Prepararlo para mi ausencia, sicológica y políticamente, era mi primera
obligación después de tantos años de lucha. Nunca dejé de señalar que se trataba
de una recuperación “no exenta de riesgos”.
Mi deseo fue
siempre cumplir el deber hasta el último aliento. Es lo que puedo ofrecer.
A mis
entrañables compatriotas, que me hicieron el inmenso honor de elegirme en días
recientes como miembro del Parlamento, en cuyo seno se deben adoptar acuerdos
importantes para el destino de nuestra Revolución, les comunico que no aspiraré
ni aceptaré- repito- no aspiraré ni aceptaré, el cargo de Presidente del Consejo
de Estado y Comandante en Jefe.
En breves cartas
dirigidas a Randy Alonso, Director del programa Mesa Redonda de la Televisión
Nacional, que a solicitud mía fueron divulgadas, se incluían discretamente
elementos de este mensaje que hoy escribo, y ni siquiera el destinatario de las
misivas conocía mi propósito. Tenía confianza en Randy porque lo conocí bien
cuando era estudiante universitario de Periodismo, y me reunía casi todas las
semanas con los representantes principales de los estudiantes universitarios, de
lo que ya era conocido como el interior del país, en la biblioteca de la amplia
casa de Kohly, donde se albergaban. Hoy todo el país es una inmensa Universidad.
Párrafos
seleccionados de la carta enviada a Randy el 17 de diciembre de 2007:
“Mi más profunda
convicción es que las respuestas a los problemas actuales de la sociedad cubana,
que posee un promedio educacional cercano a 12 grados, casi un millón de
graduados universitarios y la posibilidad real de estudio para sus ciudadanos
sin discriminación alguna, requieren más variantes de respuesta para cada
problema concreto que las contenidas en un tablero de ajedrez.

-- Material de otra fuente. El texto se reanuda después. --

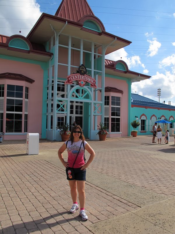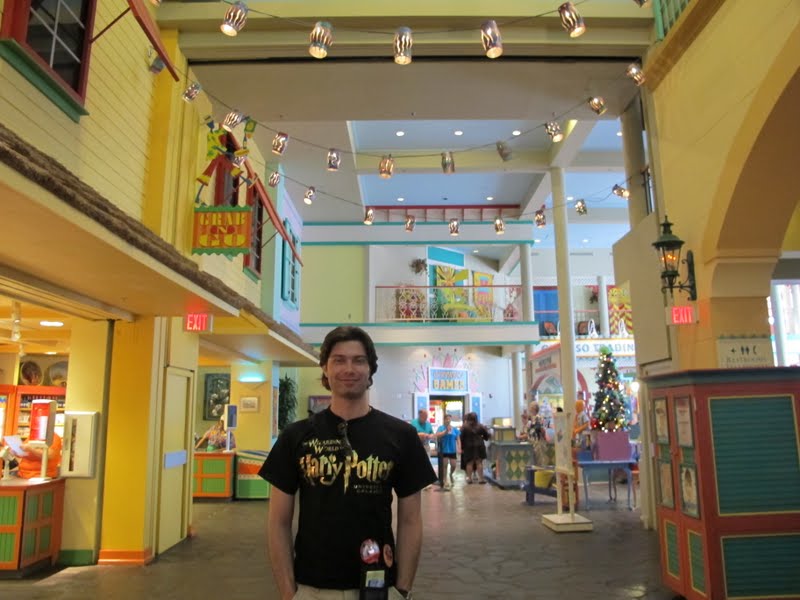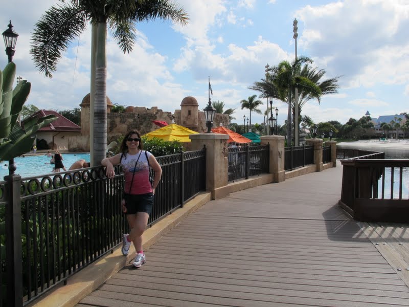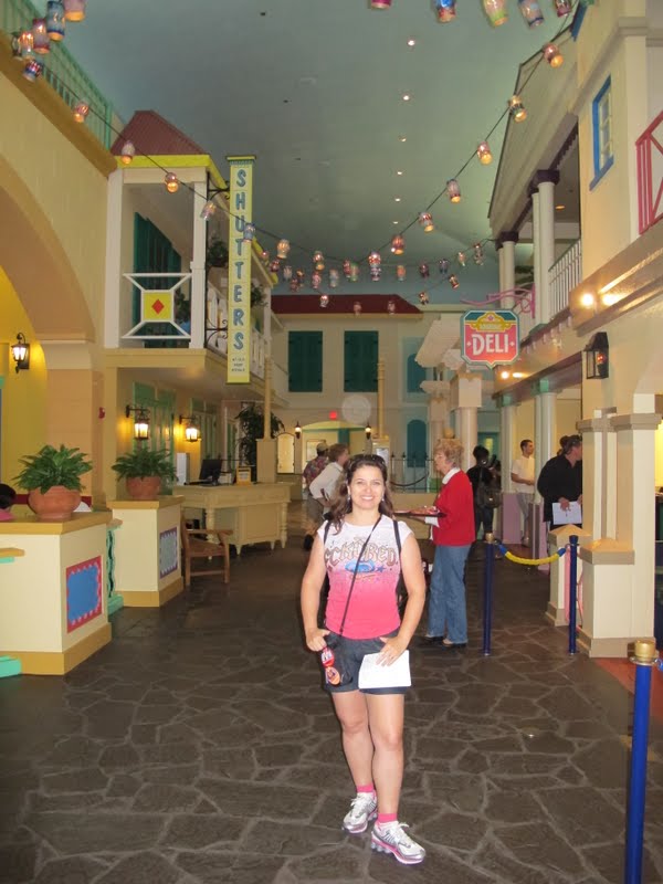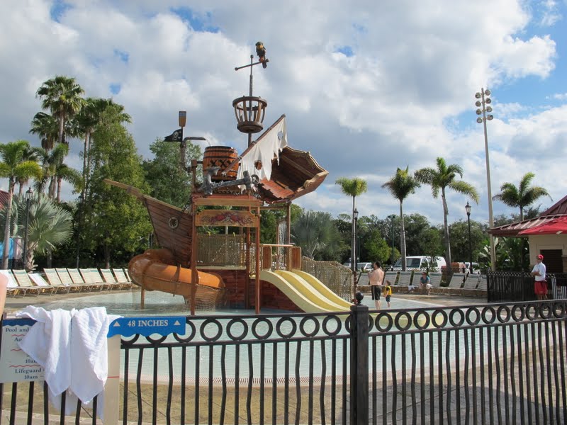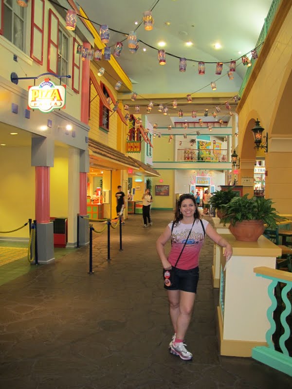 Eu tinha bastante expectativa para conhecer este hotel, porque sempre tive vontade de um dia trocar um Value por um Moderate. A mãe e a Séfora (minha irmã) já ficaram no Port Orleans e dizem que é mais legal ficar no Pop. Mas eu queria ver por mim mesma. O hotel tem um lago gigante, e ao redor ficam várias ilhas do Caribe (que são as áreas do Hotel): Jamaica, Trinidad, Martinica, Barbados, Aruba. Bem na entrada, paramos no Lobby (Custom House). Eu achei estranho, porque era bem pequenininho, e era só o Lobby… ou seja, não tinha nem Arcade (fliperama) nem restaurante. O atendimento, claro, foi ótimo, e já pegamos um mapa. Fomos seguindo de carro para procurar a piscina principal e o restaurante Geral, Quick Service, onde fica também a lojinha (Old Port Royale).

Ni un solo
detalle se puede ignorar, y no se trata de un camino fácil, si es que la
inteligencia del ser humano en una sociedad revolucionaria ha de prevalecer
sobre sus instintos.
“Mi deber
elemental no es aferrarme a cargos, ni mucho menos obstruir el paso a personas
más jóvenes, sino aportar experiencias e ideas cuyo modesto valor proviene de la
época excepcional que me tocó vivir.
“Pienso como
Niemeyer que hay que ser consecuente hasta el final.”
Carta del 8 de
enero de 2008:
“…Soy decidido
partidario del voto unido (un
principio que preserva el mérito ignorado). Fue lo que nos permitió evitar las
tendencias a copiar lo que venía de los países del antiguo campo socialista,
entre ellas el retrato de un candidato único, tan solitario como a la vez tan
solidario con Cuba. Respeto mucho aquel primer intento de construir el
socialismo, gracias al cual pudimos continuar el camino escogido.”
“Tenía muy
presente que toda la gloria del mundo cabe en un grano de maíz”, reiteraba en
aquella carta.
Traicionaría por
tanto mi conciencia ocupar una responsabilidad que requiere movilidad y entrega
total que no estoy en condiciones físicas de ofrecer. Lo explico sin dramatismo.
Afortunadamente
nuestro proceso cuenta todavía con cuadros de la vieja guardia, junto a otros
que eran muy jóvenes cuando se inició la primera etapa de la Revolución. Algunos
casi niños se incorporaron a los combatientes de las montañas y después, con su
heroísmo y sus misiones internacionalistas, llenaron de gloria al país. Cuentan
con la autoridad y la experiencia para garantizar el reemplazo. Dispone
igualmente nuestro proceso de la generación intermedia que aprendió junto a
nosotros los elementos del complejo y casi inaccesible arte de organizar y
dirigir una revolución.
El camino
siempre será difícil y requerirá el esfuerzo inteligente de todos. Desconfío de
las sendas aparentemente fáciles de la apologética, o la autoflagelación como
antítesis. Prepararse siempre para la peor de las variantes. Ser tan prudentes
en el éxito como firmes en la adversidad es un principio que no puede olvidarse.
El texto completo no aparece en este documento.